Thursday, November 8, 2012

Getting into this mess

So the question invariably comes up, "How did you get yourself into 60k into debt?"  There's another relevant QA.  "How did you go bankrupt? Slowly, then suddenly."

So looking back on some of the balances, it's at least somewhat assuring if you can attach a number to something concrete.  Mostly, these balances are a result of stupid decisions.  In reality, they are the result the statistical rule that says that people spend more with plastic than with cash. Durrrr.

Decision #1 - $16290
My parents had a Chase card with a 2% until paid off offer on a card with a 30k line. Though I would have significantly higher payments, it made sense to move about 25k of ~9% student loan debt into a 2% until paid off offer, even with the 3% up to $200 xfer fee.  In reality, my student loan payment on a ~50k balance is about $500/month, but in reality, I'm paying closer to $850/month as I pay this particular Chase card down.

Stoooooopid Decision #2 - $12806
My parents had a second Chase card with a 3% until paid off offer on a card with another high line.  This essentially was me refinancing a 6% 18k car @ 3%.  This was also a fantastic deal, however, I fudged up several years ago.

  • Took another 12k out on the car @ 5%
  • Paid off 12k worth of debt.
  • Paid down car to around 8k
  • Sold the car for the balance as I had a second car.

This 12k is a stupid me paying off a car I no longer enjoy or own.  *tear*

College Idiot Decision #3 - ~$12k
I graduated in 07 with about 12k in debt.  I figured I'd pay this stuff off once I got a real job and got paid the big bucks.  In reality, the big bucks also coincided with the 2008 crash bringing down my parents support cushion.

Pre-2007 Parental Conversations
"Hey, I need $800 for shits and giggles, food, gas, living, etc."  "Okay son, I'll deposit the $ in your account later today."  I wake up tomorrow morning and my bank account has gone from a $15 balance to over 4 figures.

Post-2007 Parental Conversation
"Hey, I'm hurting on repaying school debt."  "Sorry son, think you could take over the mortgage on the house, since you're the one living there?" "Shhiiiiiiiiiiiiiiiiiiiiiiiiiiiiiiiiiit."

Ridiculous Decisions #3 - XXX - ~$12k
For al the other 2-5k balances, thats what you call SPENDING CREEEEEP.  iPads, iPhones, Groceries, Gas, laptops, camera gear, etc etc.  I can account for about 8k.  Everything else was just going out to eat, gas for going out and spending money I didn't have to keep up appearances.

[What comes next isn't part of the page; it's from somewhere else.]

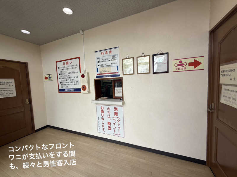 支払いは現金のみでタオルセット付600円、脱衣所ロッカーキーを頂き、脱衣所へ
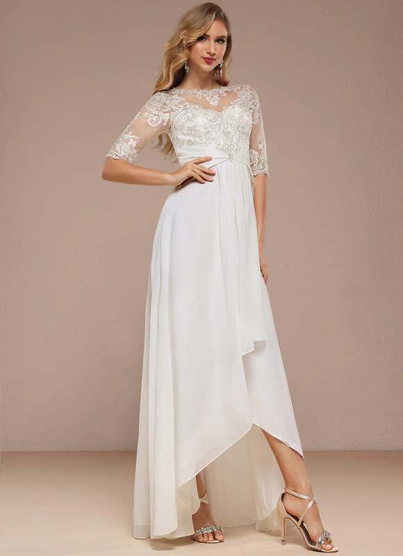Design Asymétrique : Une Robe Nuptiale Élégante À Volants Unique

  • $5k camera gear - At least I had crap to show for some of the balances.  I eventually sold the gear and netted around ~3k to pay for the wedding.
  • $3k life necessities - Probably for the last year or so, I've been spending on average $300/month to cover groceries & gas.
Everything else is well.... unaccounted for.  Much of the electronics were purchased with cash or 0% financing offers that were paid off within the 0% period.  I'm really trying to think whether I could have survived without the credit.  I'm pretty positive that I could have survived.  It would have been slightly embarrassing and I'd have had to have done a ridiculous acrobatic juggle, but I think it could have been done.  Why?  Here's a short story.

My parents are relatively successful immigrants.  Oddly, their siblings that also immigrated to the States are also successful as well. 6 figure annual incomes, business owners, nice house & cars with excellent credit, etc etc.  So I ask my parents one day, "The stat on business is that there's only 1 standing after 10 years or so and all others go away.  How is it that there's 6 businesses that all lasted more than 10 years by our various family members and are still going?"

"We came to America with nothing.  We couldn't be employed since our degrees don't mean anything and we can't speak the language.  It was either get on by or die."

And how apt that advice is.  There's the other story of the general who had his Army burn their ships before battle.  As life has shown, we have tremendous amount of resilience to scrounge together what we can to survive.

My credit cards are shredded.  The only backup I have is any cash that I may be able to save.  I built in a budget buffer, but the emergency fund has to start stat.  I guess I'm a bit impatient and would have rather have paid off debts than save for an emergency fund.  My credit is still good.  There's no derogatory entries, late payments, judgements, etc.  Just a very high credit utilization ratio that needs to come down.  So it sucks to get declined for new credit to try to play the low interest balance transfer game, but it's finally caught up with me.

For those with spouses battling the money game, there was a visible turning point for my wife.  It was when I shred all the cards.  That's when she finally got on board and knew I was talking business.  There was a little bitching here and there about, "See, we don't have a card to put it on and you have no cash." "OMG we can't pay for gas and we're 800 miles from home without GAS MONEY to get BACK!"

Several weeks later the tone changed, "I'm so glad we paid for the trip in cash.  There's no looming CC balance to pay off."